I mean I could have tried to control everything, to line it up with my “certain”, “non-negotiable” or “tried and true” ideas about the world. But that would have been fruitless, wouldn’t it. It would have taken up a crazy amount of energy, reduced me to frustration, and perhaps given me another walk with the black dog.

Here’s the problem I see with seeking certainty: it’s very hard to distinguish between certainty and control. In fact, sometimes when we say “certainty” what we mean is “control – fitting everything into a box I can understand and compartmentalise, keeping people and ideas where I want them so I can feel safe.” And control, frankly, is a myth. You can’t wrap the world up in a neat little bow, claiming you understand all of its in’s and out’s, its workings, timings and cosmic rhythms.

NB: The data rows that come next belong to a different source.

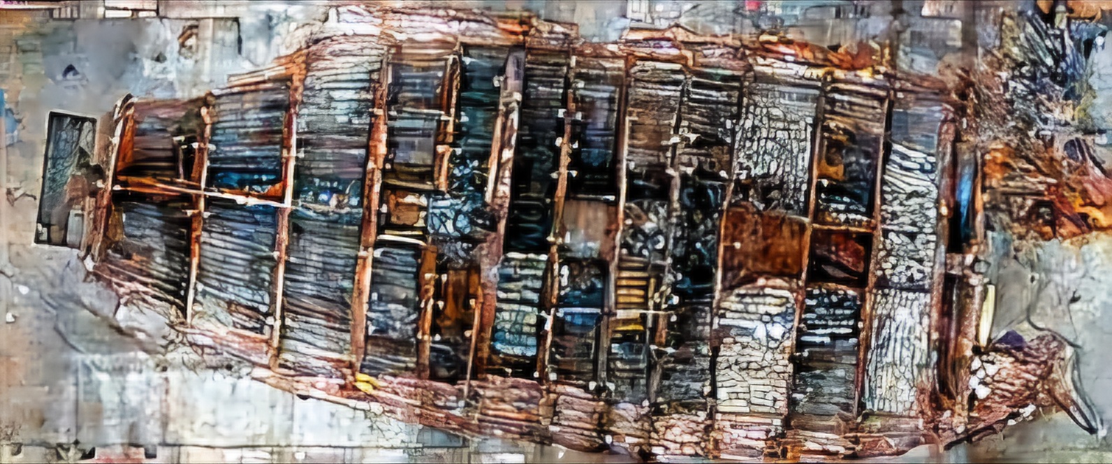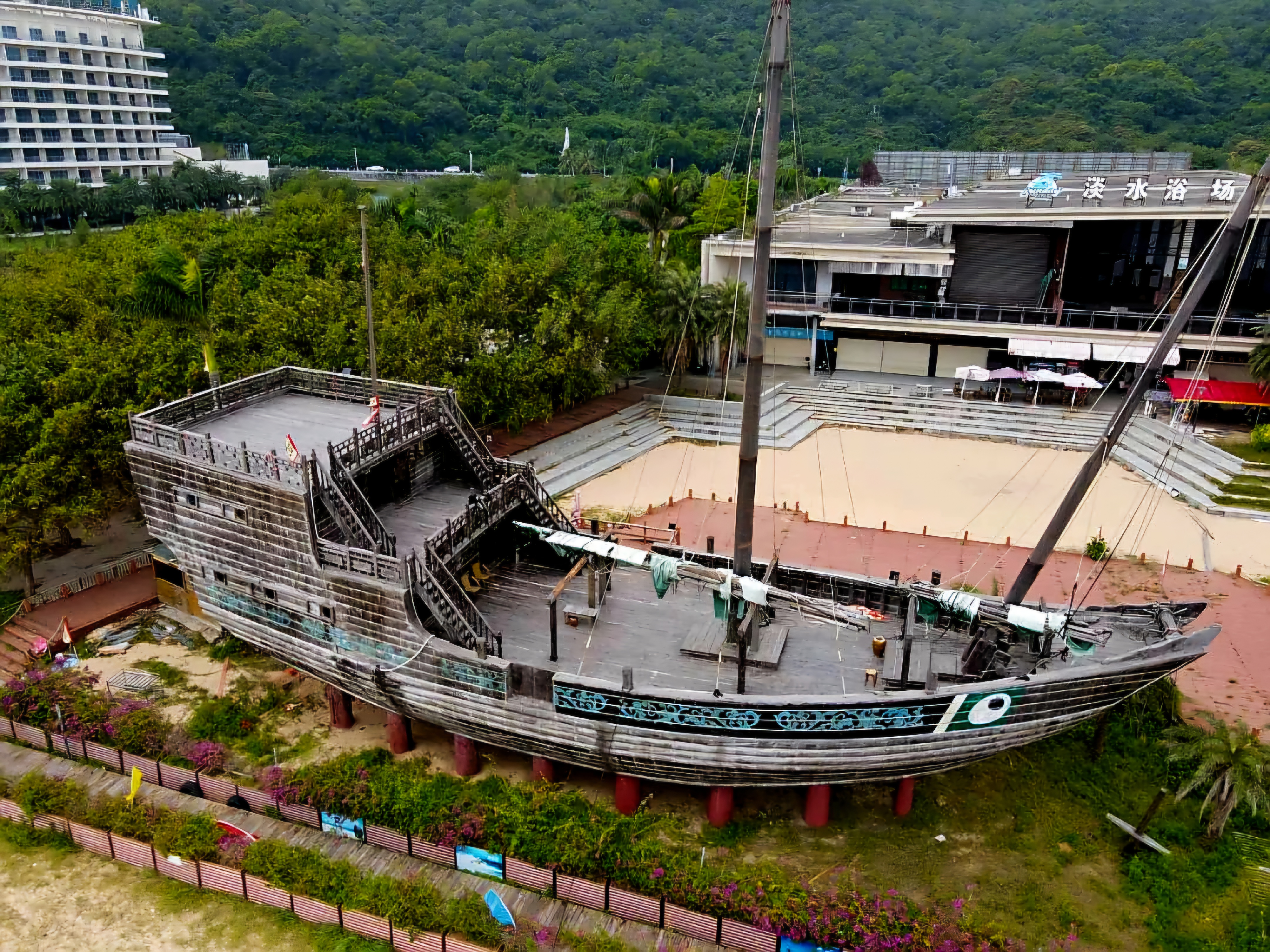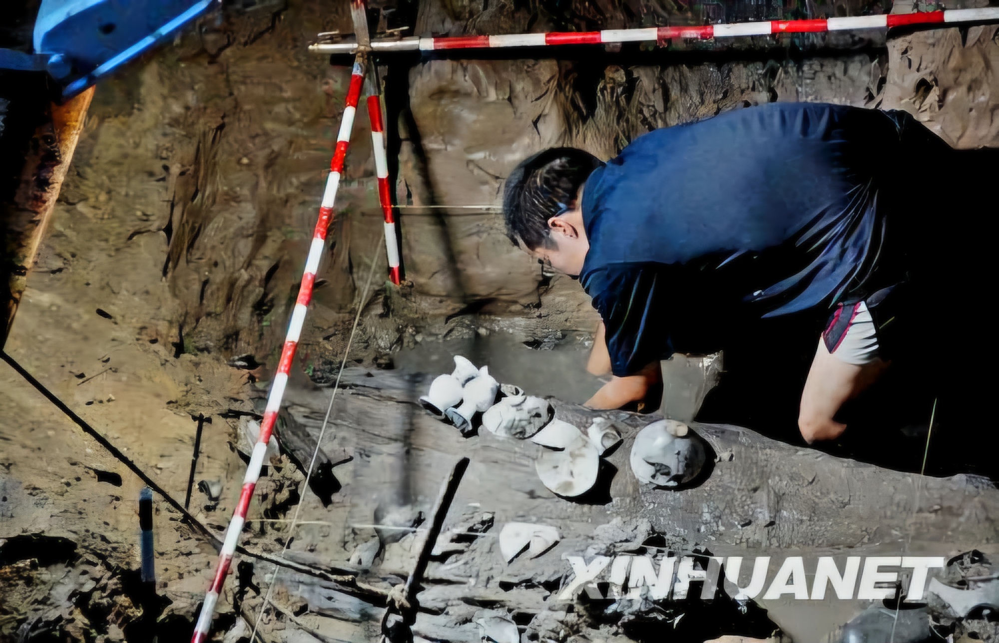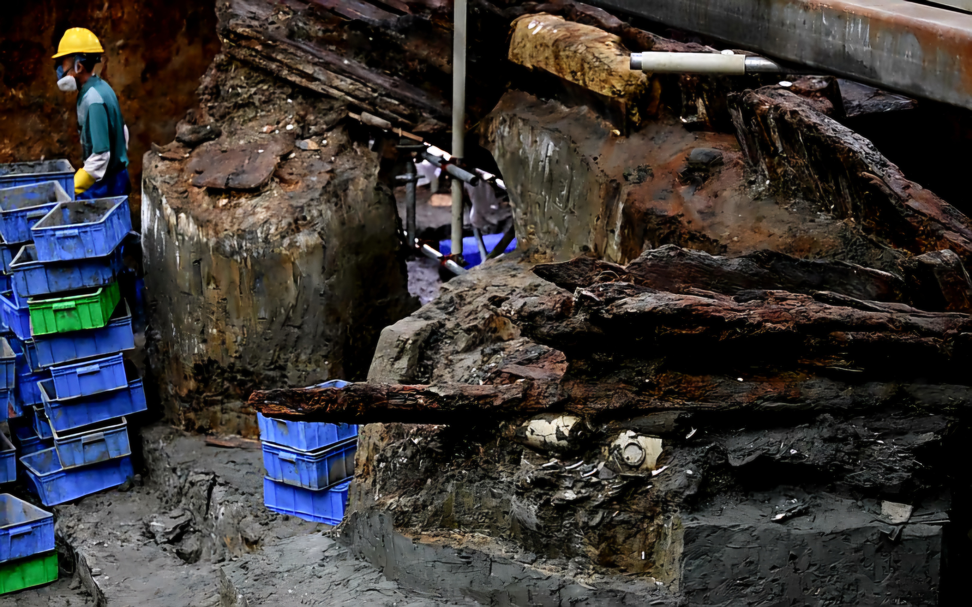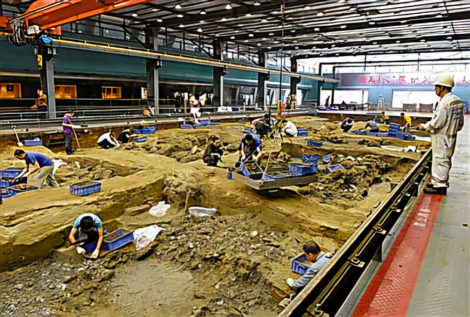 배 중앙 지점 양쪽은 깨끗이 빈 상태이고, 뱃머리는 대향 남쪽이며, 물고기 비늘이 여러 개 겹친 고대 중국 선박 독특한 구조를 보여준다.
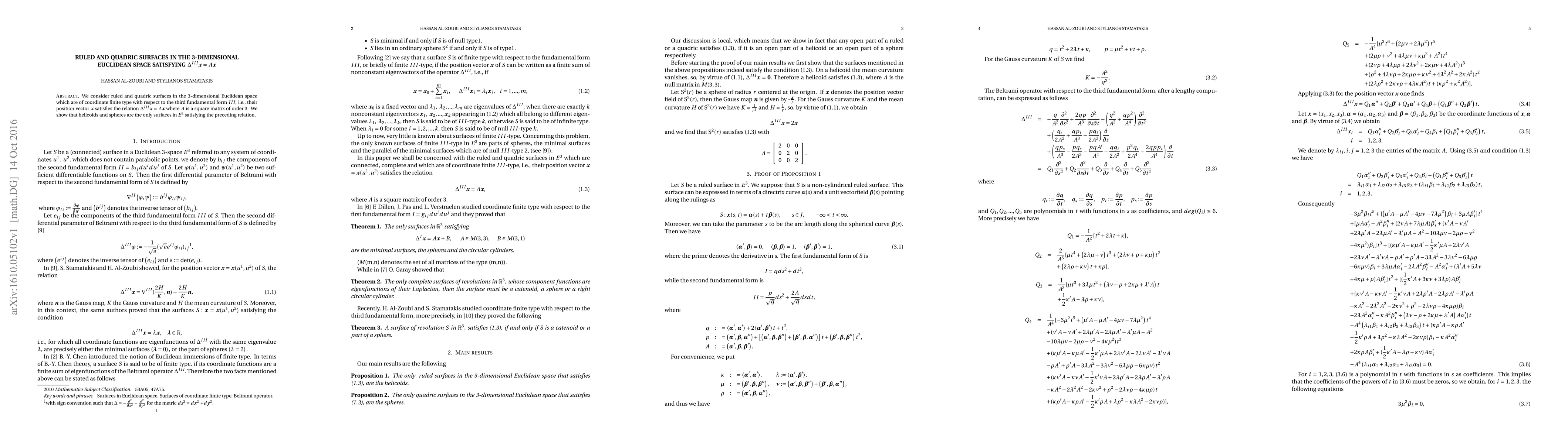 This research paper identifies helicoids and spheres as the only ruled and quadric surfaces in 3D Euclidean space satisfying a specific matrix relation, showcasing their unique properties.
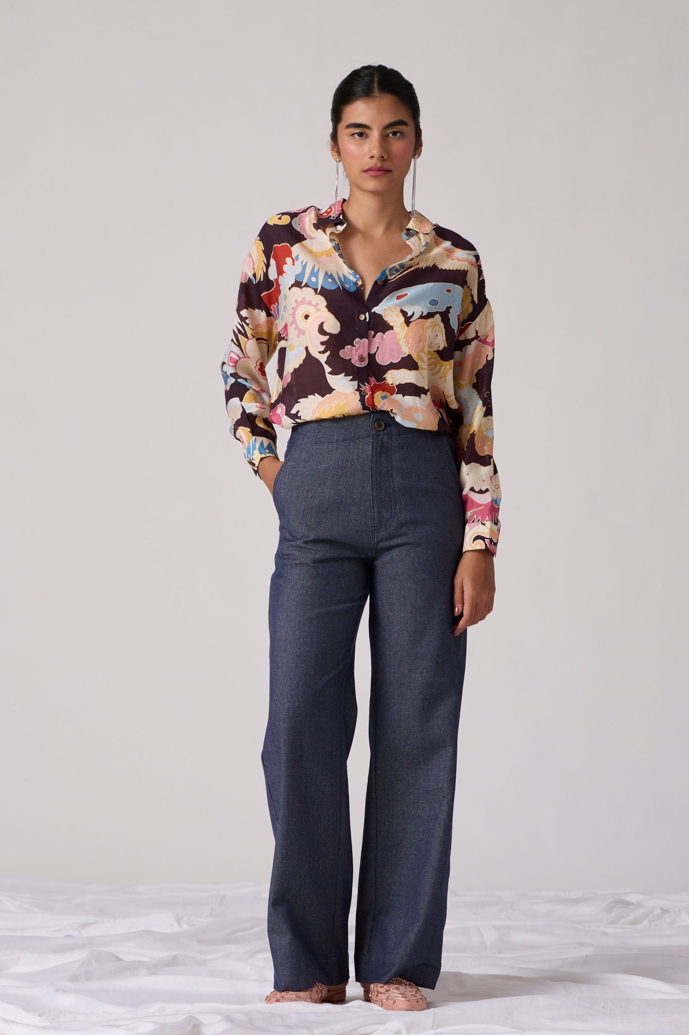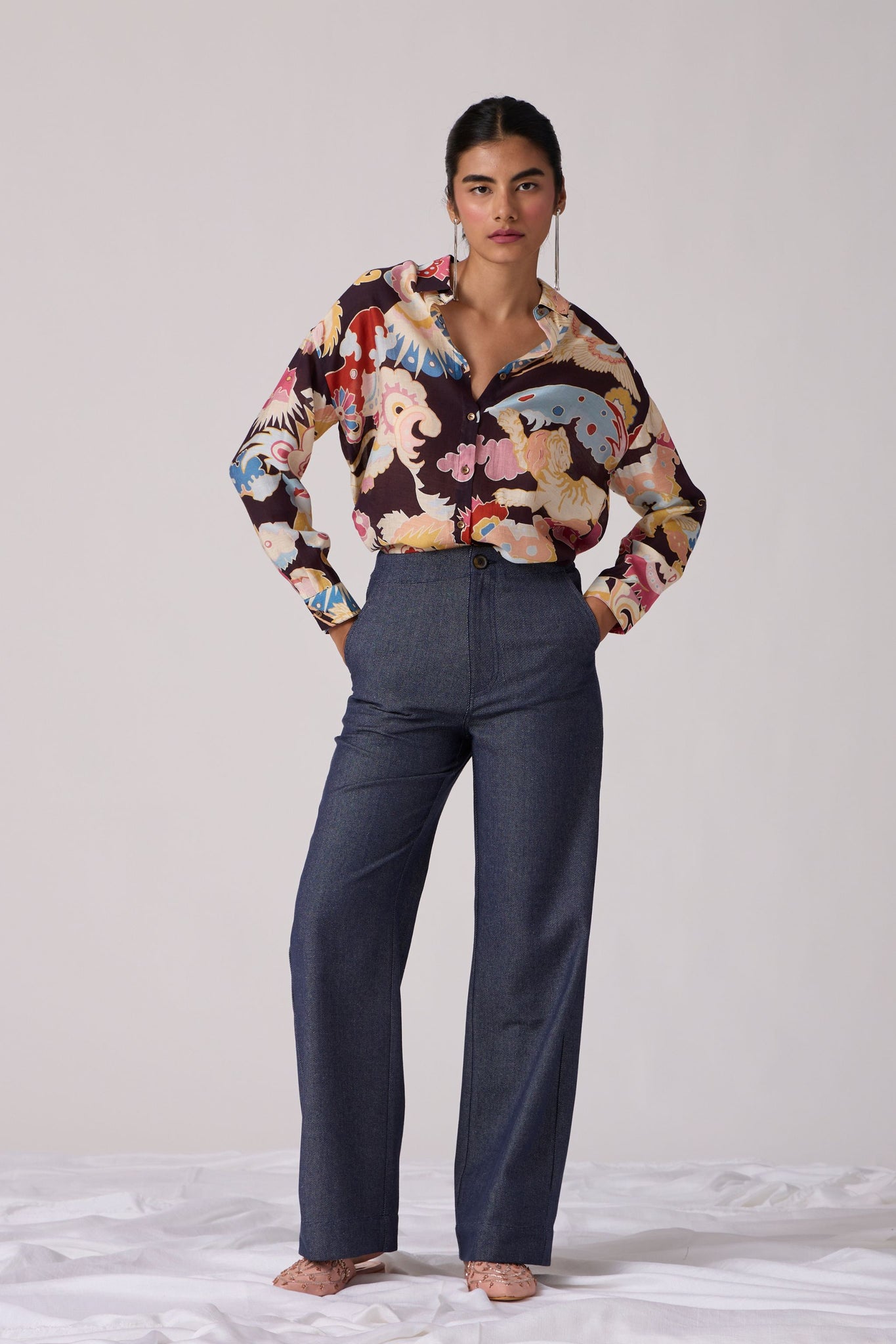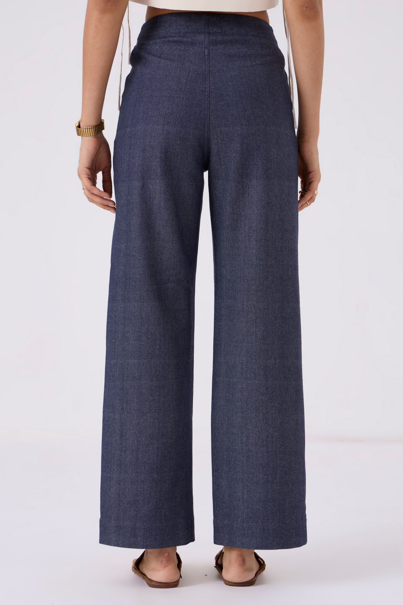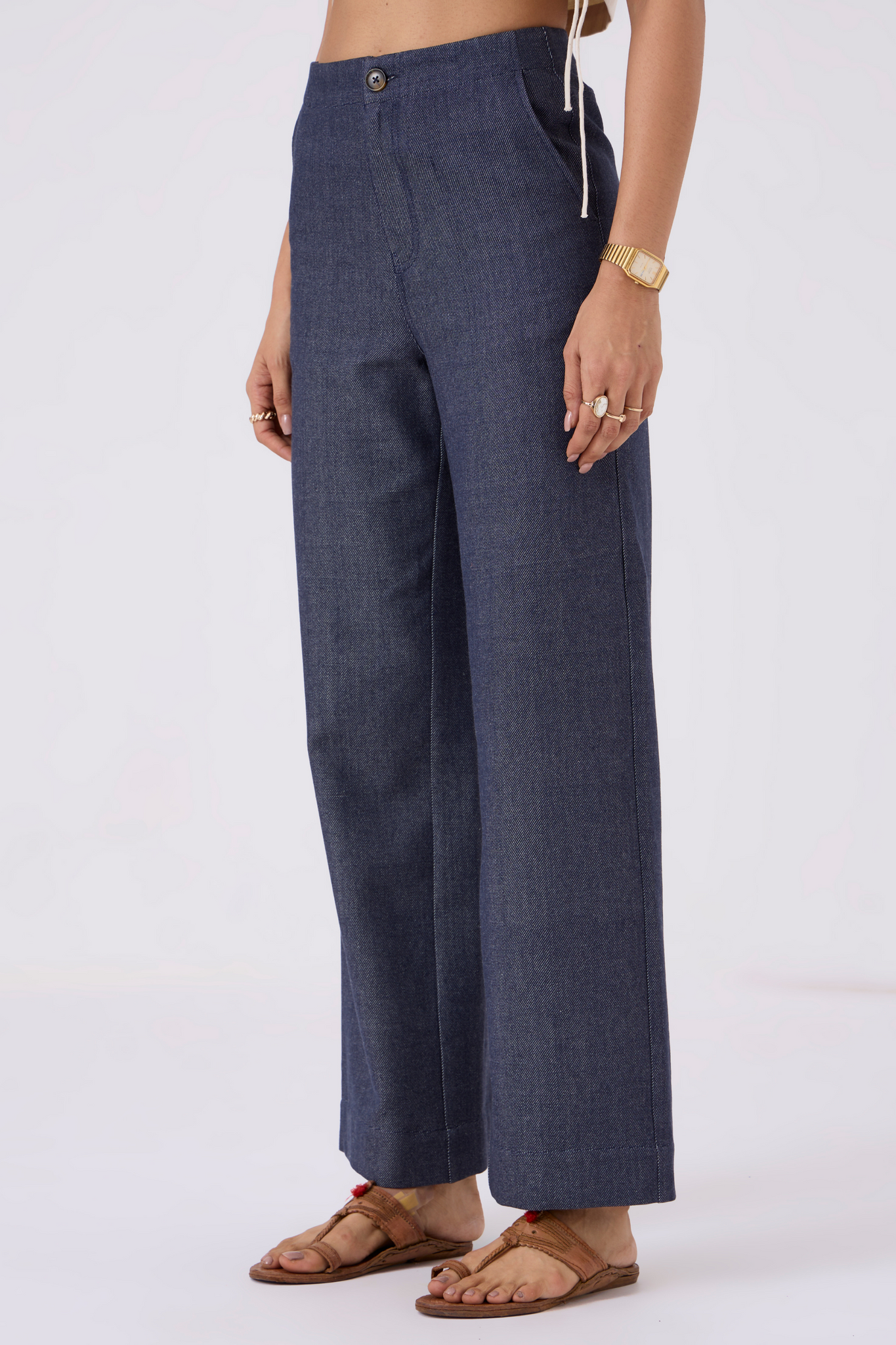 A straight leg mid rise pants with front fly button fastening and cross pockets
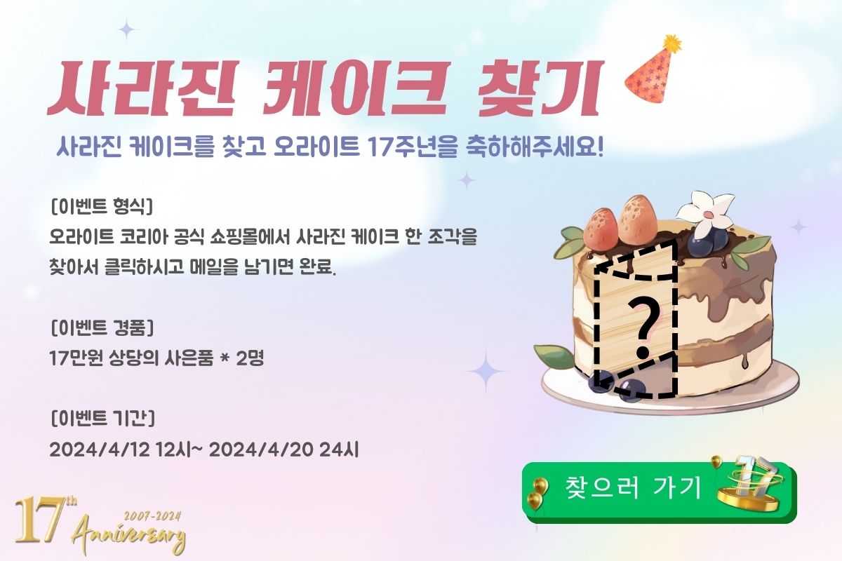 사라진 케이크를 찾고 오라이트 17주년을 축하해주세요!
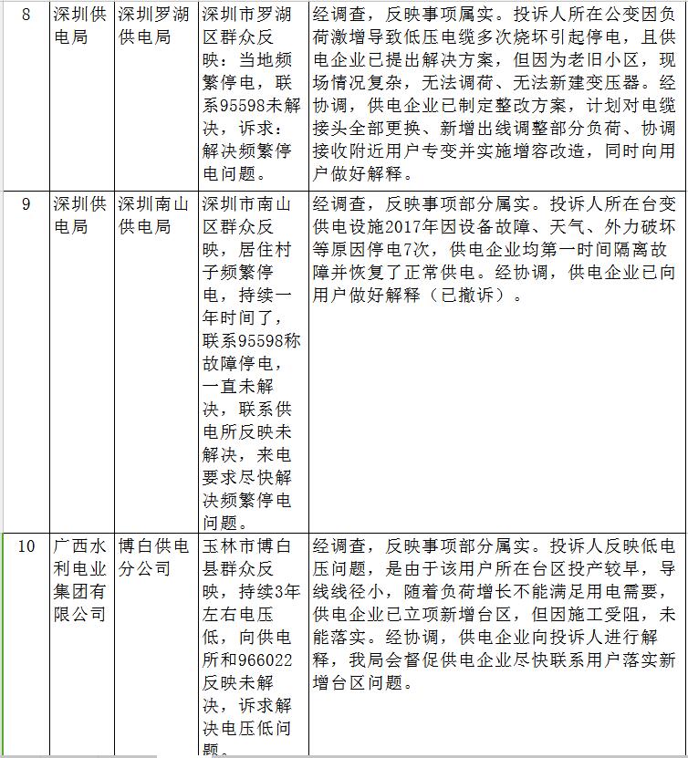 南方能源监管局已要求各供电企业认真分析用户投诉原因,逐一对照用户投诉反映的问题,采取相应的措施,进行整改,避免同类问题反复投诉。对与事实有出入的投诉,南方能源监管局在回访用户时,向用户作了解释和说明。

You can’t make people do what you want them to do and have that relationship be one in which both parties are healthy. For one person to have control over anothers actions takes away from the personhood of the second party. It costs part of their individuality, and agency over their choices in order for them to fall in line with what the person-in-control wants them to be.

And it’s a lot of work to maintain that inauthenticity, or that control. It breeds distrust, dissatisfaction, and all the disses.

So I’m embracing uncertainty. I know I do not understand God and the universe. It makes seeking those answers fun and fascinating. I know I can’t control anything, so I connect with my own integrity and what I deeply feel to be true in any given moment and do the best I can. I embrace the idea that I may be wrong, and that’s okay.  When I’m faced with curveballs, I’m learning to go “Okay. Can I control this? No. So how do I respond best? How do I act in this moment that allows me to still be in my integrity, in my boundaries, and in line with what I feel to be my purpose?”

I like it. I like it better than certainty. A God I don’t understand is so much easier to seek after than one I think I’ve got locked down. A person I can’t control is so much more freeing to be around because they can be their authentic selves and I can be my authentic self. The energy once spent on good behaviour and fitting in is so much better spent elsewhere, don’t you think?

Anyway, that’s my thoughts for today. They may be influenced a little bit by Keith Kristich’s session on the podcast…but I have to wait until next week to post that. Stay tuned.

I’m currently listening to the sound of children playing, looking out over a city skyline on a sunny winters day. All is not how I thought it would be. But its pretty darn great. And I am happy. And this is a moment worth marking.

I hope you are well in this crazy time.